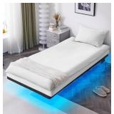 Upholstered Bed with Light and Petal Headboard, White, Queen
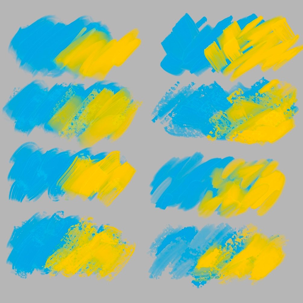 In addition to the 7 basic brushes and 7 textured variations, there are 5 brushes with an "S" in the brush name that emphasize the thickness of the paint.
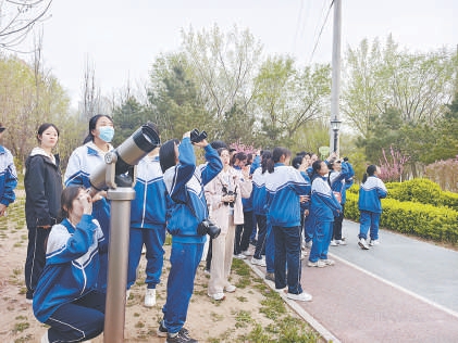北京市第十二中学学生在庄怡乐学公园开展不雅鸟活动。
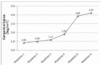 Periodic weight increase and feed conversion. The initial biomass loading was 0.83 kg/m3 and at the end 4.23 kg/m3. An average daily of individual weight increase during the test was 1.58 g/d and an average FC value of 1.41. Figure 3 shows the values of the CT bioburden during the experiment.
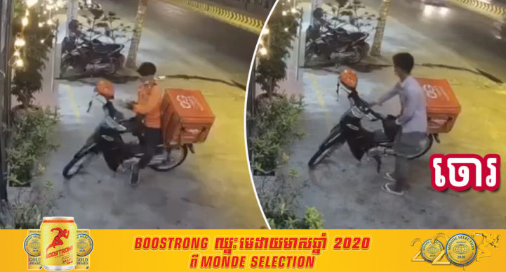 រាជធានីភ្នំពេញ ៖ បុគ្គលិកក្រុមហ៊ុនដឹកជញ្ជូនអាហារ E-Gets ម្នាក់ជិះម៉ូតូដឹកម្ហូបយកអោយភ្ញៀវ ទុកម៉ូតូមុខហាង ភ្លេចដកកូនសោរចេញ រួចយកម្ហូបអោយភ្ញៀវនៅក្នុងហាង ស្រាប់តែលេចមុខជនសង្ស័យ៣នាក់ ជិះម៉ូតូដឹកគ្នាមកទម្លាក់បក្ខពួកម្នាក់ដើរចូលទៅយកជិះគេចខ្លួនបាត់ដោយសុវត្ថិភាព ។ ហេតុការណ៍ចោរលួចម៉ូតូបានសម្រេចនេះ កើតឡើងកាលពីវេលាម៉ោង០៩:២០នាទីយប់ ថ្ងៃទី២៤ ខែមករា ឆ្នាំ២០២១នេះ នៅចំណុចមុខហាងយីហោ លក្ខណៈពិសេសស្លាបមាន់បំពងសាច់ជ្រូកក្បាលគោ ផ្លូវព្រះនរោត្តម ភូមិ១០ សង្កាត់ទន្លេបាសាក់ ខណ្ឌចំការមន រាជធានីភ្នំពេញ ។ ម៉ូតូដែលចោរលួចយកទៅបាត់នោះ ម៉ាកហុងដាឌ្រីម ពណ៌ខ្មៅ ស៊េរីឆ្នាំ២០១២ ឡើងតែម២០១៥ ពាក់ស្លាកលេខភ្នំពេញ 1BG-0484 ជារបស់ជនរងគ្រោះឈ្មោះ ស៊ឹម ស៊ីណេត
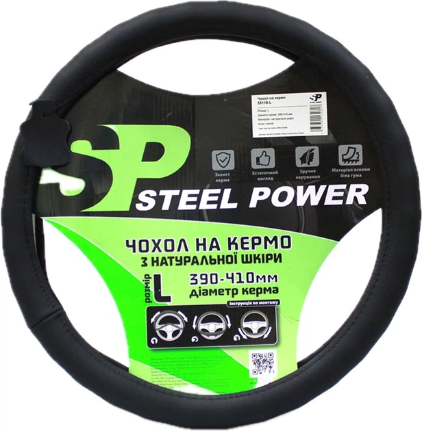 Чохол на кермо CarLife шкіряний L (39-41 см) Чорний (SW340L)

*-*-*

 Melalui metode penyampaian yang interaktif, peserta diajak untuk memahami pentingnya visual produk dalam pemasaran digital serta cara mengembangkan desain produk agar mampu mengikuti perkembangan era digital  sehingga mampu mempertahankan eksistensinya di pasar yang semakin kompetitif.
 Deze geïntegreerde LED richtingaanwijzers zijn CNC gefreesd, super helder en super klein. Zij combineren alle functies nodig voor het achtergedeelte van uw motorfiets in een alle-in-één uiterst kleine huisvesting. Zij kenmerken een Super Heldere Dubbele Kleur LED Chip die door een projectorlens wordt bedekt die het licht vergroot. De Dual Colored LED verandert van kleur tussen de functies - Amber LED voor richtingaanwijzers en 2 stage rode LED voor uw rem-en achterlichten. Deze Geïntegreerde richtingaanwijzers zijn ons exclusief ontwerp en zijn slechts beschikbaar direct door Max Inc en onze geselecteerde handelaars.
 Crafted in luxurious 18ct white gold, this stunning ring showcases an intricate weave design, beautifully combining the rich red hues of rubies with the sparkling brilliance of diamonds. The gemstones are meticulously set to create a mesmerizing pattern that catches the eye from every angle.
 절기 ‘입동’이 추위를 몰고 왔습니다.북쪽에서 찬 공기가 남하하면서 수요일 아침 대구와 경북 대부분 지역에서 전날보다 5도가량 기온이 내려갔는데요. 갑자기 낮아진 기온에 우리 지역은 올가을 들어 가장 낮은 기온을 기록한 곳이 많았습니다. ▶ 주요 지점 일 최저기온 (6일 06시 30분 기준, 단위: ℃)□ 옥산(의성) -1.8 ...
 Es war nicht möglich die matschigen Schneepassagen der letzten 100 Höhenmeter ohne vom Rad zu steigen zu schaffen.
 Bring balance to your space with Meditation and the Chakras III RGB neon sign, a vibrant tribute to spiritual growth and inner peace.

*-*-*

THE TASK: The stretch above running from the line with "北京市第十二中学学生在庄怡乐学公园开展不雅鸟活动。" through the line with "Periodic weight increase" is all you should copy, exactly, leaving out the pictures.

ANSWER AREA:
北京市第十二中学学生在庄怡乐学公园开展不雅鸟活动。
 Periodic weight increase and feed conversion. The initial biomass loading was 0.83 kg/m3 and at the end 4.23 kg/m3. An average daily of individual weight increase during the test was 1.58 g/d and an average FC value of 1.41. Figure 3 shows the values of the CT bioburden during the experiment.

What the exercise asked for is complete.